Genova 25 apr –
Vero e proprio blitz anti 25 aprile nel capoluogo ligure, i militanti forzanovisti hanno affisso numerosi striscioni di protesta in diverse delegazioni della città, da levante a ponente.
Solo Forza Nuova ha il coraggio di gridare che c’era molta più democrazia durante il regime fascista che oggi nell’Italia del ventunesimo secolo.
Se è incontestabile e storicamente dimostrato che la “dittatura” mussoliniana cadde nel luglio del 1943 con un semplice voto democratico, è altrettanto vero che, in questa democrazia, si formano governi senza mandato elettorale, si impedisce per legge, alle forze radicali e non omologate, di partecipare alla vita politica parlamentare, si impone senza consenso del popolo una moneta che nessuno vuole, e che è stata ed è la causa di tutti i mali, si demanda completamente la politica estera a potenze straniere come gli Stati Uniti e al loro braccio armato: la Nato.
A 70 anni di distanza il sistema è corrotto più che mai, la “repubblica democratica fondata sul lavoro” fa acqua da tutte le parti e la sovranità non appartiene più al popolo.

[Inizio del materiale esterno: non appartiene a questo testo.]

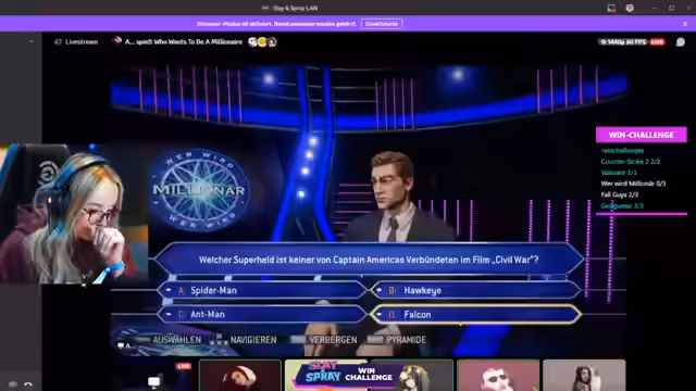 10:49:46Der Fokus verlagert sich auf ein populärkulturbezogenes Quiz. Teilnehmer diskutiert über Charaktere aus Filmen wie *Onward*, der Frage nach dem Hauptcharakter des *Batman & Robin*-Universums und später ausführlich über den Film *Civil War*. Bei dieser Superheldenfrage kommt es zu einer intensiven Diskussion über die Zugehörigkeit der Charaktere zum Marvel-Universum, wobei Spider-Man fälschlicherweise oft als DC-Held identifiziert wird, und eine risikoreiche Antwort, die zum Gewinn führt.
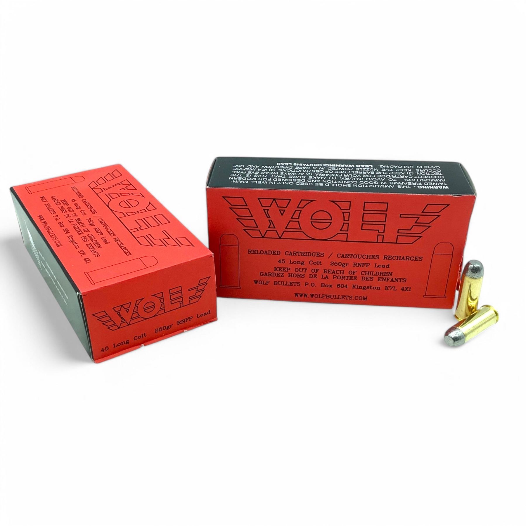 Wolf 45 LC 250 Grain RNFP Lead Ammunition, 100 Rounds
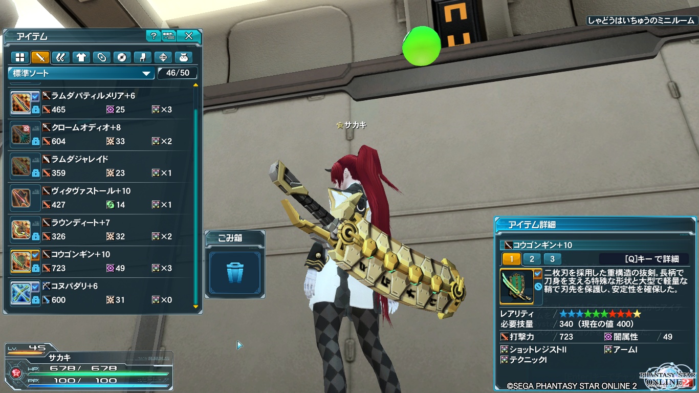 HDDの削除事件で世間を賑わせた相変わらずのPSO2ですが、コツコツと新フィールドに通ってようやく☆10カタナのコウゴンギンを手に入れた!
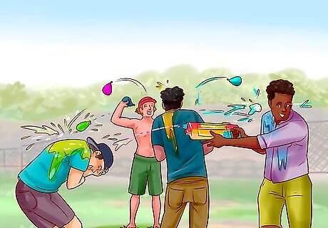 Keep cool by having a water balloon or water gun fight. You can play with no rules, basically meaning that people can get hit multiple times and still not be “out” of the game. You could also lay some ground rules, saying that once someone is hit, they are out of the game. Avoid hitting anyone in the face, and make it clear that no one should run out into the street. As always, when you’re outdoors make sure to wear sunscreen to protect yourself from the sun’s rays.
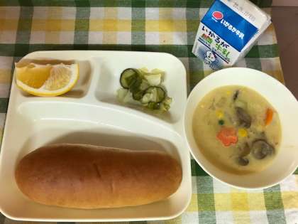 5月13日の給食は、「黒糖パン、牛乳、コーンクリームシチュー、キャベツときゅうりのサラダ、かわちばんかん」でした。

Genova è sì una città medaglia d’oro, ma non per la resistenza, bensì per la disoccupazione e l’immigrazione.
Il 25 aprile, che segna la fine una guerra persa nel modo peggiore, deve essere considerata non una festa nazionale, ma una celebrazione privata per pochi intimi, destinati all’estinzione; una festa ipocrita che festeggia la perdita totale di sovranità ed indipendenza della nostra Nazione.
L’Italia può e deve ritornare ad essere libera, sovrana ed indipendente solo riprendendosi le chiavi di casa propria, solo noi stessi saremo gli artefici del nostro destino.